Source data
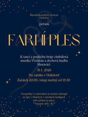 Římskokatolická farnost Holešov zve na Farní ples v sobotu 31. ledna 2026 od 20 hodin na zámku v Holešově. K tanci a poslechu bude hrát cimbálová muzika Včelaran a dechová hudba Moraváci. Vstupenky je možné zakoupit na faře v Holešově v úředních hodinách nebo přímo na plese. Vstupné 400 Kč.
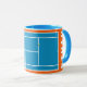 Creative tennis player gift mug featuring tennis balls on blue and orange tennis court. To personalize edit text to add his or her name.
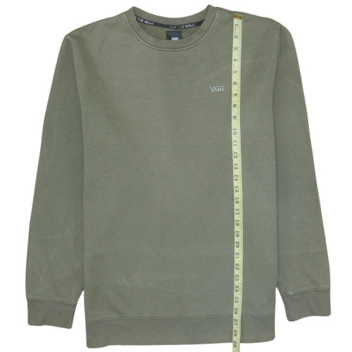 This Vans men's crew neck sweatshirt in green offers a classic, laid-back look perfect for everyday wear. Made from a comfortable cotton and polyester blend, the fleece fabric provides a soft and lightweight feel ideal for layering during cool weather. Designed in a regular fit, this pullover style sweatshirt delivers easy mobility and versatility for both casual outings and skate sessions. The subtle embroidered Vans logo on the chest adds an understated yet iconic touch, reflecting the brand’s renowned skate culture heritage. Featuring long sleeves, ribbed cuffs, hem, and neckline, this sweatshirt combines practical comfort with effortless streetwear style. Its simple no-pattern design makes it easy to pair with jeans, chinos, or joggers for a timeless, modern look. Suitable for the autumn, winter, and spring seasons, it’s perfect for keeping warm whether you’re commuting, skating, or relaxing in comfort. Machine washable for easy care, this sweatshirt maintains its quality and shape wash after wash. In excellent pre-owned condition, it shows minimal signs of wear with no visible marks or damages. Ideal for men who appreciate reliable quality and low-maintenance fashion, this Vans sweatshirt fits seamlessly into both weekend and everyday wardrobes. Fresh, neutral, and understated in tone, it’s a versatile addition for those who value both comfort and simplicity. For fans of Vans’ classic skate-inspired apparel, this piece captures the essence of relaxed urban fashion while offering durability and warmth. A great choice for layering through the seasons, this pullover is a wardrobe staple blending comfort, cool design, and long-lasting appeal.
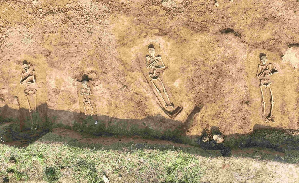 Im Rahmen der archäologischen Baubegleitung wurden nun in der Nähe des Rheins bei Rees 15 Skelette gefunden. Die menschlichen Überreste stammen von Männern im Alter zwischen 20 und 30 Jahren und lagen in flachen Grabgruben. Die meisten Männer waren sorgfältig bestattet. Es handelt sich um einen Zufallsfund, da der Platz im Vorfeld nicht bekannt und somit auch nicht Teil der archäologischen Voruntersuchungen war.
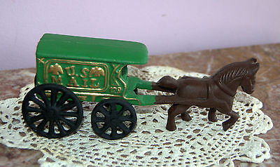 Title (ebay affiliate link): CAST IRON, HORSE DRAWN WAGON, OLDER REPRODUCTION, Minature
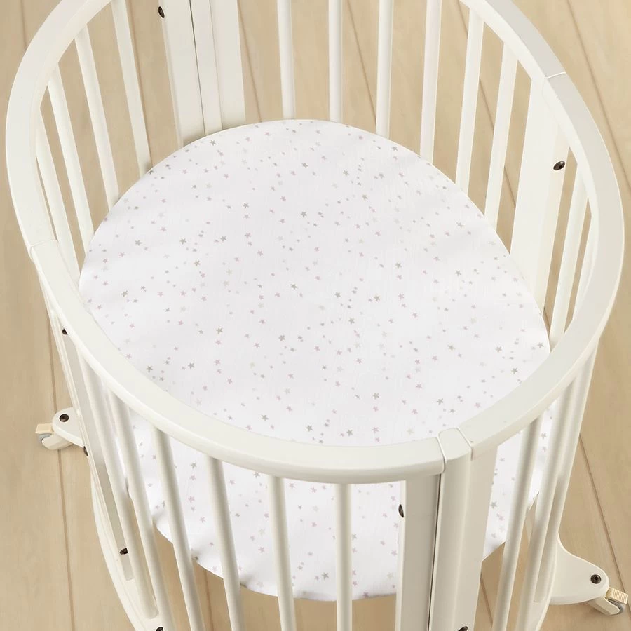 Our 100% cotton muslin fitted sheet designed for the Stokke® Sleepi™ Mini Crib is the most breathable fabric to lay your little one on. Modern colors compliment your nursery style while whimsical prints delight your baby. Made from 100% cotton muslin, the fitted oval sheet is super soft from the start and stays that way wash after wash.
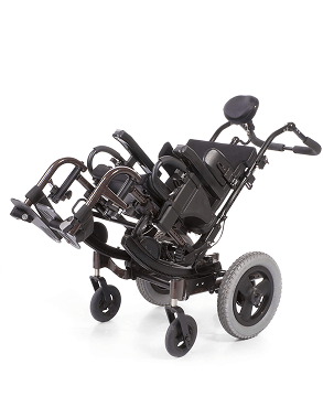 Tilt-in-Space Pediatric wheelchairs tilt the seat backward while maintaining hip
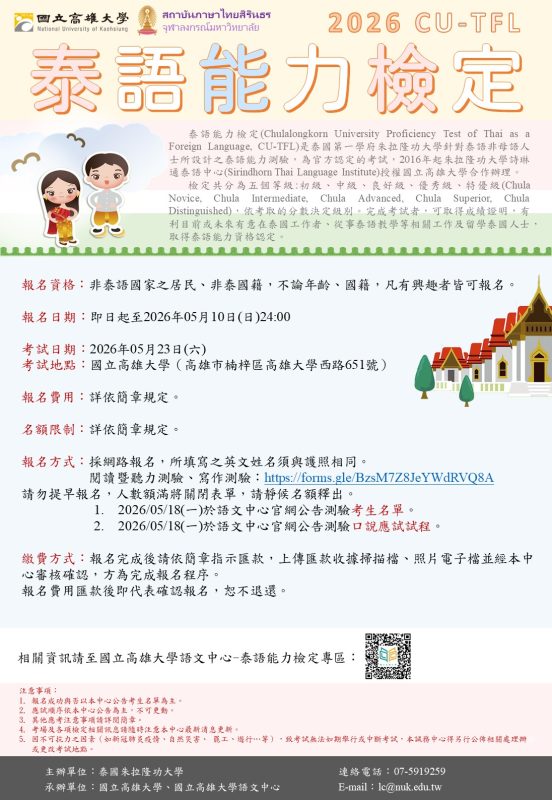 國立高雄大學與泰國朱拉隆功大學合作辦理泰語能力檢定,敬請惠予公告Post category:教務處公告 / 教學組公告 / 行政單位公告Post published:2026/03/13Post author:twvstn202旨揭檢定係泰國朱拉隆功大學詩琳通泰語中心授權本校辦理,該檢定為官方認定考試。報名日期:即日起至115年5月10日(日)24:00。考試時間與地點:115年5月23日(六)於本校(國立高雄大學)辦理。詳細簡章資訊,歡迎至官網參考:http://lc.nuk.edu.tw/。檢附考試海報如附件。A10700000V0000000_A095J0000Q115600003100-2下載 Post Views: 8

TASK PROMPT:
Copy out exactly, with no pictures, the lines of the data from the first one through the line bearing "Creative tennis player".

WRITTEN REPLY:
 Římskokatolická farnost Holešov zve na Farní ples v sobotu 31. ledna 2026 od 20 hodin na zámku v Holešově. K tanci a poslechu bude hrát cimbálová muzika Včelaran a dechová hudba Moraváci. Vstupenky je možné zakoupit na faře v Holešově v úředních hodinách nebo přímo na plese. Vstupné 400 Kč.
 Creative tennis player gift mug featuring tennis balls on blue and orange tennis court. To personalize edit text to add his or her name.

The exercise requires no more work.